WHAT THE EXERCISE ASKS:
If a line in the data holds the string "more", list it.

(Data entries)
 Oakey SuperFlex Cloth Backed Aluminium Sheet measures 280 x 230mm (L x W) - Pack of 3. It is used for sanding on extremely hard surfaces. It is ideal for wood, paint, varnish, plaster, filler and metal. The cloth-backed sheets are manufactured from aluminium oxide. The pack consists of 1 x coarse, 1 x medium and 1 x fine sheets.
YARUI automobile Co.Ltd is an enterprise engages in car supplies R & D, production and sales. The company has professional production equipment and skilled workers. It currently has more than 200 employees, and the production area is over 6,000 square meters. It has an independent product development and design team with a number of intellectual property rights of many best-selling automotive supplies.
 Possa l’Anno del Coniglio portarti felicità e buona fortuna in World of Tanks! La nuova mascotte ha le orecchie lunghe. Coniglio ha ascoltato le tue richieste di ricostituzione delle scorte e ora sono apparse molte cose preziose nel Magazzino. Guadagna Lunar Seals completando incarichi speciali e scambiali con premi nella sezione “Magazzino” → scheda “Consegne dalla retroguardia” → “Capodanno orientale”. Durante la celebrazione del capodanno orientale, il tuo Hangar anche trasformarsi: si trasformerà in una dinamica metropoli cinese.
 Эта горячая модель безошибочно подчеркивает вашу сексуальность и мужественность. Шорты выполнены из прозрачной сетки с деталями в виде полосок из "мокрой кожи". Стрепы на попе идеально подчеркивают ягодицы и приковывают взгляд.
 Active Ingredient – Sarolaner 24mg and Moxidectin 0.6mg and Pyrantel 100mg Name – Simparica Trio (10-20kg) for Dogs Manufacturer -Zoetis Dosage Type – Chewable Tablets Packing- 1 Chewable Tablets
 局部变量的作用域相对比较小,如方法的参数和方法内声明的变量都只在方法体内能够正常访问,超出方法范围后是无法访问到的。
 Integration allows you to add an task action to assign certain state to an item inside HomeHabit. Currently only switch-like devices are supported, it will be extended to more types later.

SOLUTION:
YARUI automobile Co.Ltd is an enterprise engages in car supplies R & D, production and sales. The company has professional production equipment and skilled workers. It currently has more than 200 employees, and the production area is over 6,000 square meters. It has an independent product development and design team with a number of intellectual property rights of many best-selling automotive supplies.
 Integration allows you to add an task action to assign certain state to an item inside HomeHabit. Currently only switch-like devices are supported, it will be extended to more types later.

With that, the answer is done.